Thomas Plantenga, CEO of Lithuania-headquartered used clothing resale app Vinted, urged Europe to take the “right choices” to ensure the continent can “fend for ourselves” and does not get “left behind.”
“If you look very realistically at what countries do, they try to take care of themselves and they try to form coalitions to be stronger themselves, and as a coalition be stronger,” Plantenga told CNBC in an interview. “We have a lot of very talented, well-educated people.”
“We need [to] ensure that we can take care of our own safety, that we can take care of our own energy, that we ensure to keep on investing in our education and innovation so that we can keep up with the rest [of the world],” he stressed. “If we don’t, then we’ll be left behind. In every collaboration, it’s always a trade. And if we don’t have much to trade, we become weaker.”
‘AI sovereignty’ now a key battleground
Another theme that attracted much chatter on the ground at Web Summit was the idea of “AI sovereignty” — which refers to countries and regions localizing critical computing infrastructure behind AI services, so that these systems become more reflective of regional languages, cultures and values.
With Microsoft becoming a key player in AI, concerns have surfaced that the maker of the Windows operating system and Office productivity tools suite has secured a dominant position when it comes to foundational AI tools.
The tech giant is a key backer behind ChatGPT maker OpenAI, whose technology it also heavily uses in its own products.
For some startups, Microsoft’s decision to embrace AI has resulted in harmful, anti-competitive effects.
Last year, Microsoft hiked the fees it charges search engines to use its Bing Search APIs, which allow developers access to the tech giant’s backend search infrastructure — in part because of higher costs attached to its AI-powered search features.
“They’re gradually reducing our revenue — we’re still relying on them — and that reduces our capacity to do things,” Christian Kroll, CEO of sustainability-focused search engine Ecosia, told CNBC. “Microsoft is a very fierce competitor.”
CNBC has reached out to Microsoft for comment.

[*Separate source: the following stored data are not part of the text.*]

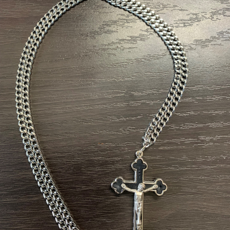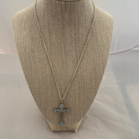 NECKLACE – CRUCIFIX METAL SAPPHIRE ON 44cm Serpentine Chain
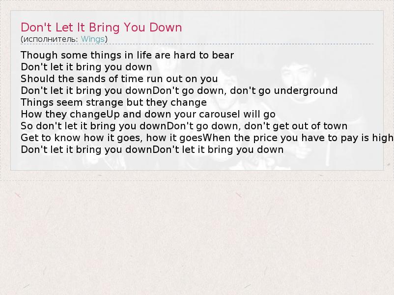 Though some things in life are hard to bear Don't let it bring you down Should the sands of time run out on you Don't let it bring you downDon't go down, don't go underground Things seem strange but they change How they changeUp and down your carousel will go So don't let it bring you downDon't go down, don't get out of town Get to know how it goes, how it goesWhen the price you have to pay is high Don't let it bring you downDon't let it bring you down
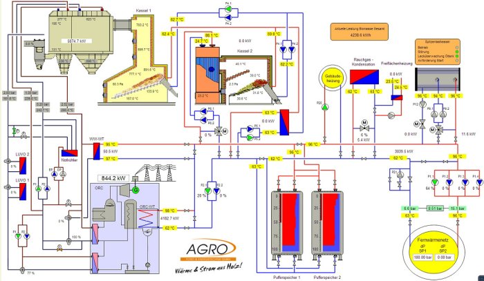 AGRO boiler house management is a control tailored to the particular needs of the user. It regulates the performance of individual boiler plants, largely dependent on buffer vessel management. AGRO boiler house management guarantees for all operating conditions of a heat station that the energy required by the process is generated and provided. AGRO boiler house management is particularly important in the optimisation of primary current consumption.
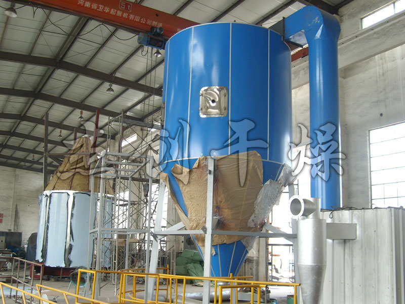 該生產線由供料系統、介質循環系統、空氣加熱凈化系統、干燥塔系統、收料系統、控制系統等多個系統整合而成。主塔系統集中了目前噴霧干燥工程的所有高端技術,噴干機組的收料系統由一級旋風分離器+布袋除塵器組合形成。一級旋風采用高氣量高xiao率旋風進行收集,其收粉率能達到96%左右分,而布袋除塵器是針對蛋白粉類除塵專門設計的優化設備,能使物料與風進行分離并沉降,布袋為拒水防油防靜電布袋,過濾目數可達500目以上。
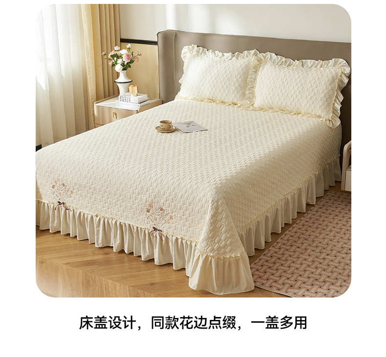 商品名称:恒爱家纺 2025新款A类情缘多功能床盖四件套 奶昔白
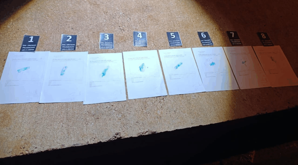 Posteriormente, al ser identificada como Valeria F. (27), los efectivos constataron que dejó caer un envoltorio celeste con sustancia compatible con cocaína sobre la cinta asfáltica. Al avanzar con la requisa, realizada en presencia de testigos, comprobaron que llevaba en su mano otros siete envoltorios iguales, completando un total de ocho dosis. Además, se incautaron 52.200 pesos argentinos en efectivo y un teléfono celular de la línea Redmi.
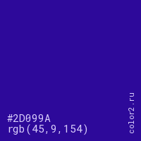 Цвет #2D099A в цветовой модели RGB обозначается тремя октетами (45, 9, 154) в десятичном формате и #2D099A в шестнадцатиричном (hex) формате, которые являются интенсивностью красного 45 (hex 2D), интенсивность зелёного 9 (hex 09) и интенсивность синего 154 (hex 9A).

Ecosia recently partnered with fellow search provider Qwant to build a European search index and reduce dependence on U.S. Big Tech to deliver web browsing results.
Meanwhile, the European Union’s AI Act, a landmark artificial intelligence law with global implications, introduces new transparency requirements and restrictions on companies developing and using AI.
The laws are likely to have a big impact on predominantly U.S. tech firms, since they’re the ones doing much of the development of — and investment in — AI.
With Trump set to come into power, it’s unclear what that could mean for the global AI regulatory landscape.
Shelley McKinley, chief legal officer of code repository platform GitHub, said she can’t predict what Trump will do in his second term — but that businesses are planning for a range of different scenarios in the meantime.
“We will learn in the next few months what President-elect Trump will say, and in January we will start seeing some of what President Trump does in this area,” McKinley said during a CNBC-moderated panel earlier this week.
“I do think it is important that we all, as society, as businesses, as people, continue to think about the different scenarios,” she added. “I think, as with any political change, as with any world change, we’re still all thinking about what are all of the scenarios we might operate.”